Task item: Copy word for word the lines in the records below, starting at the line with "Specjalistyczne wkłady grafitowe" and ending at the line with "Soku AI unifies". Skip the pictures.

Input:
--*--

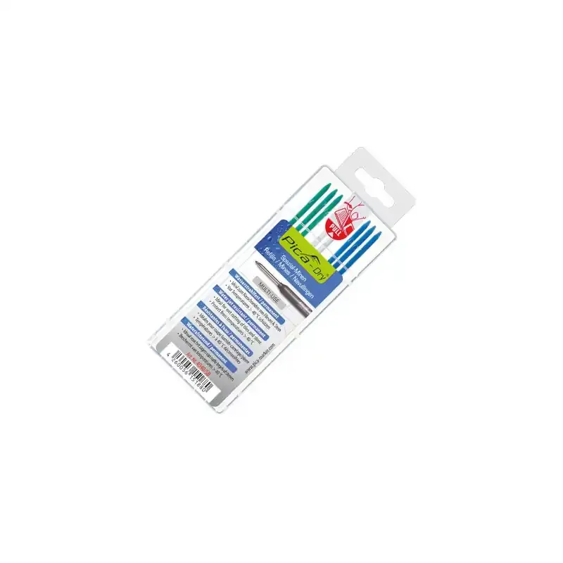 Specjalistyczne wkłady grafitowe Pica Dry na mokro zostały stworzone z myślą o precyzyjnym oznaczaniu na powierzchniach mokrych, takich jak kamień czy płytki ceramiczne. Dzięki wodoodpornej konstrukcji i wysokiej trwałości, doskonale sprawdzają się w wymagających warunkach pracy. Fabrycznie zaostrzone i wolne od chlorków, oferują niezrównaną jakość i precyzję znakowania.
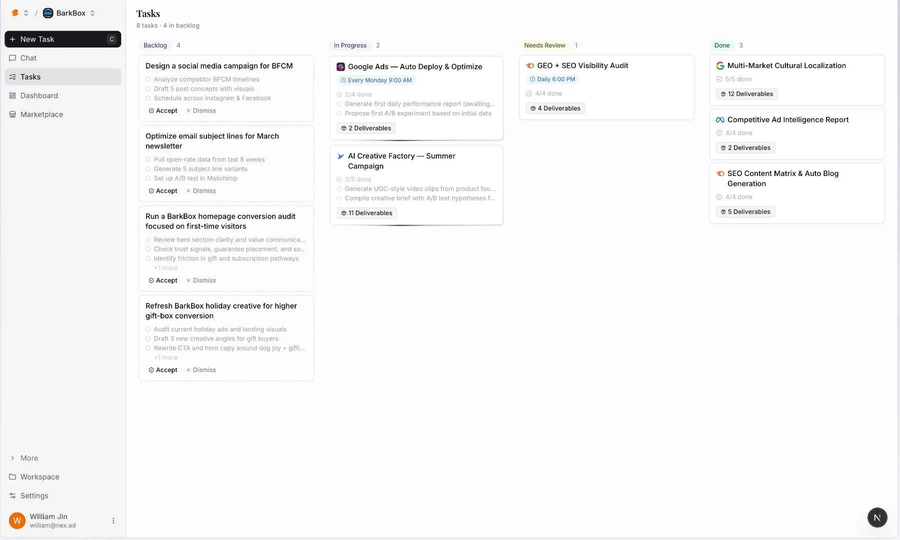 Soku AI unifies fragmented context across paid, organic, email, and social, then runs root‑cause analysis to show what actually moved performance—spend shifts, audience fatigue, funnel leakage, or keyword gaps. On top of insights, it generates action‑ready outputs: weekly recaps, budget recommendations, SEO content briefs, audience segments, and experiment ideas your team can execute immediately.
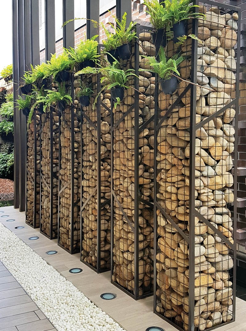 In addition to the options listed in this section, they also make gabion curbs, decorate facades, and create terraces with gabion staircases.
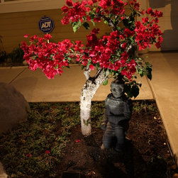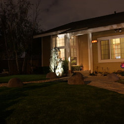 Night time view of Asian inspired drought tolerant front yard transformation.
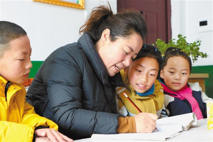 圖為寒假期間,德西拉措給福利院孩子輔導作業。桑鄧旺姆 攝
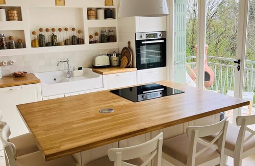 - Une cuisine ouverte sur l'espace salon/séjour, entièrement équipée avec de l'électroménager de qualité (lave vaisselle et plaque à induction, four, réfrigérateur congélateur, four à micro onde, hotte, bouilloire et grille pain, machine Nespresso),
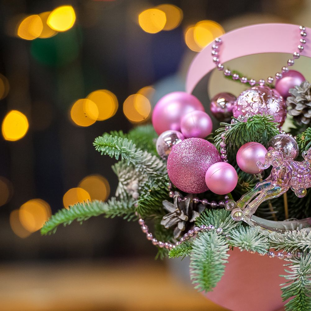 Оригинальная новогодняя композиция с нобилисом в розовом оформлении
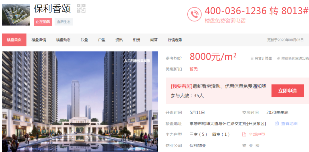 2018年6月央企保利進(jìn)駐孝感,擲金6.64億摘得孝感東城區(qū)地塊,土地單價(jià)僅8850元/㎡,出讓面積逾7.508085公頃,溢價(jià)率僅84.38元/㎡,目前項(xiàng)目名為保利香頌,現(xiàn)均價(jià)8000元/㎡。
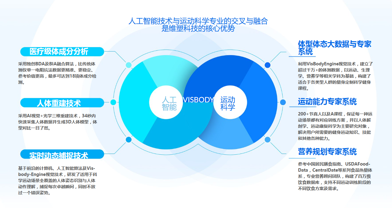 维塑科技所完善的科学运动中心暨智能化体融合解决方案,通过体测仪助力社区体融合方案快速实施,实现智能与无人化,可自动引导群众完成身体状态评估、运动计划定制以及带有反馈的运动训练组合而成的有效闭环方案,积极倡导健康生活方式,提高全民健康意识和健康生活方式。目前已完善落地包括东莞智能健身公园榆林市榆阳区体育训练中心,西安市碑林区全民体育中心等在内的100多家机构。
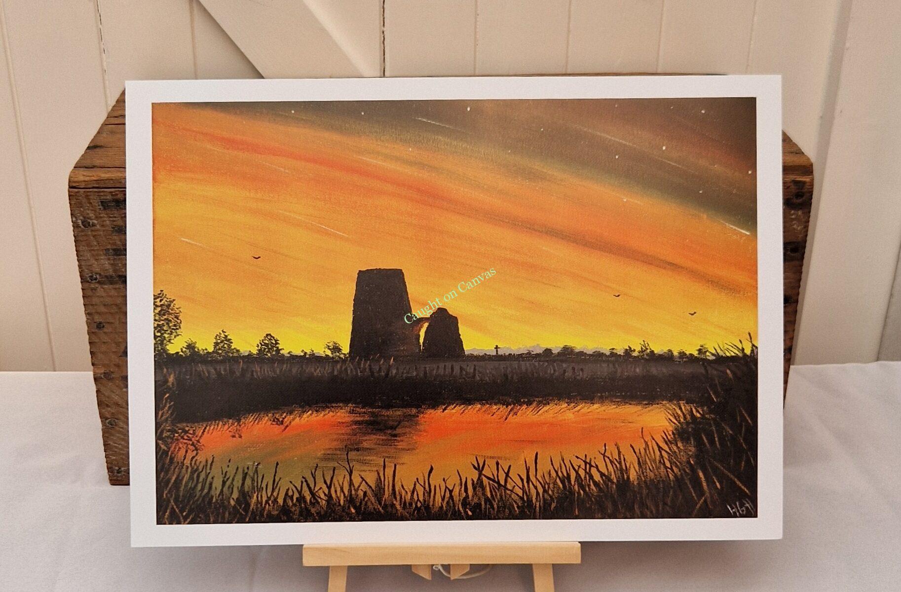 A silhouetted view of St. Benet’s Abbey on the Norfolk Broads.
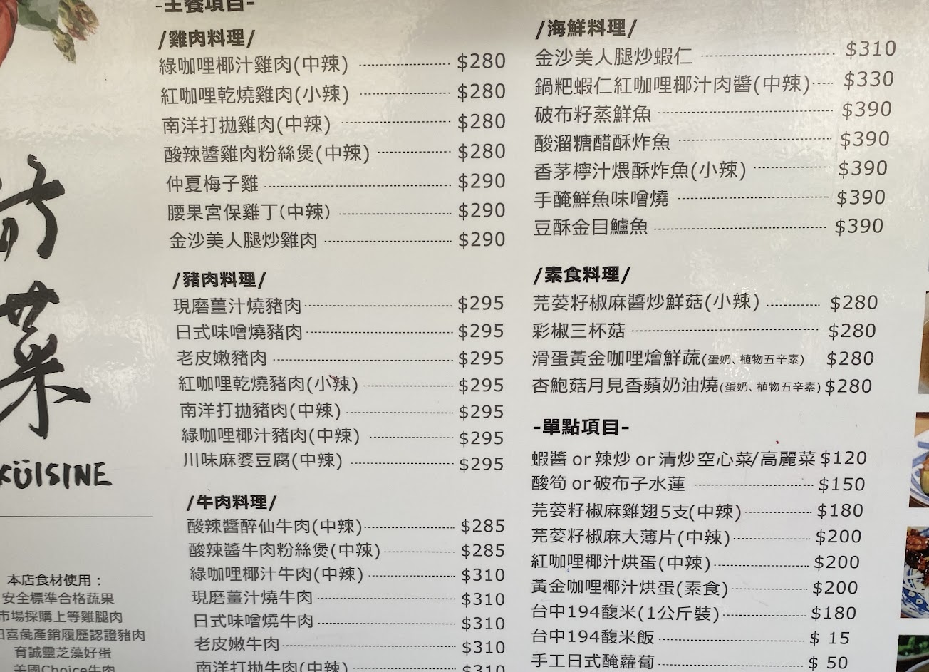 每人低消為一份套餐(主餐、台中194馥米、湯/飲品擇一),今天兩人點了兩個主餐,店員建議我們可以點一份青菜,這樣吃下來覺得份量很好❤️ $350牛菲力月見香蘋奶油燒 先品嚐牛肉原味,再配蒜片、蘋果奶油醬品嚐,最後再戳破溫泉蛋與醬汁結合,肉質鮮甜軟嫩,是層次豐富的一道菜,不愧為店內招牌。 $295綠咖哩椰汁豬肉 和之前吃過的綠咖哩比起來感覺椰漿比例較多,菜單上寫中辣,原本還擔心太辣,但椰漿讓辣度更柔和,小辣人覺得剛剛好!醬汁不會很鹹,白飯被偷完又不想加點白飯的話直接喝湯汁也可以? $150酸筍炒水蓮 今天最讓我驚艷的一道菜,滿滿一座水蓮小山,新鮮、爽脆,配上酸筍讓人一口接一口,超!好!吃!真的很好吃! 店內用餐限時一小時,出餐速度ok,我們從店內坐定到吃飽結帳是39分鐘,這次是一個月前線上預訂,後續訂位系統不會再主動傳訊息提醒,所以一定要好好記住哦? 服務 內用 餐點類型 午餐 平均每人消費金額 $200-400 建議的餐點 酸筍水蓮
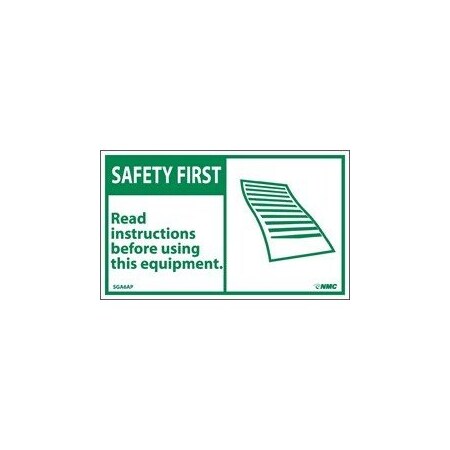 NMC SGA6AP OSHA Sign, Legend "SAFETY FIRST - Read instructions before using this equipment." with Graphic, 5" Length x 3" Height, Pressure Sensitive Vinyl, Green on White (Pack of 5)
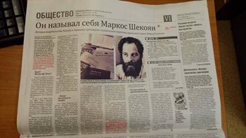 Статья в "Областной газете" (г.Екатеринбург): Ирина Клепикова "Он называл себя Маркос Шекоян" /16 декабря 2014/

--*--

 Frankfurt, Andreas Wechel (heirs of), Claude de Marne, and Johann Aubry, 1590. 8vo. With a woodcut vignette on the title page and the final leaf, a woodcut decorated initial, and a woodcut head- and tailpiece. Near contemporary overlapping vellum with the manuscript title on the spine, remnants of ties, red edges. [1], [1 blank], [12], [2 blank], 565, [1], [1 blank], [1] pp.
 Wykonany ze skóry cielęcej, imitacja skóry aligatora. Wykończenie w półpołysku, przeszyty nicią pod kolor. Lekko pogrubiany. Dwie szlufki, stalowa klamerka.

--*--

Written answer:
 Specjalistyczne wkłady grafitowe Pica Dry na mokro zostały stworzone z myślą o precyzyjnym oznaczaniu na powierzchniach mokrych, takich jak kamień czy płytki ceramiczne. Dzięki wodoodpornej konstrukcji i wysokiej trwałości, doskonale sprawdzają się w wymagających warunkach pracy. Fabrycznie zaostrzone i wolne od chlorków, oferują niezrównaną jakość i precyzję znakowania.
 Soku AI unifies fragmented context across paid, organic, email, and social, then runs root‑cause analysis to show what actually moved performance—spend shifts, audience fatigue, funnel leakage, or keyword gaps. On top of insights, it generates action‑ready outputs: weekly recaps, budget recommendations, SEO content briefs, audience segments, and experiment ideas your team can execute immediately.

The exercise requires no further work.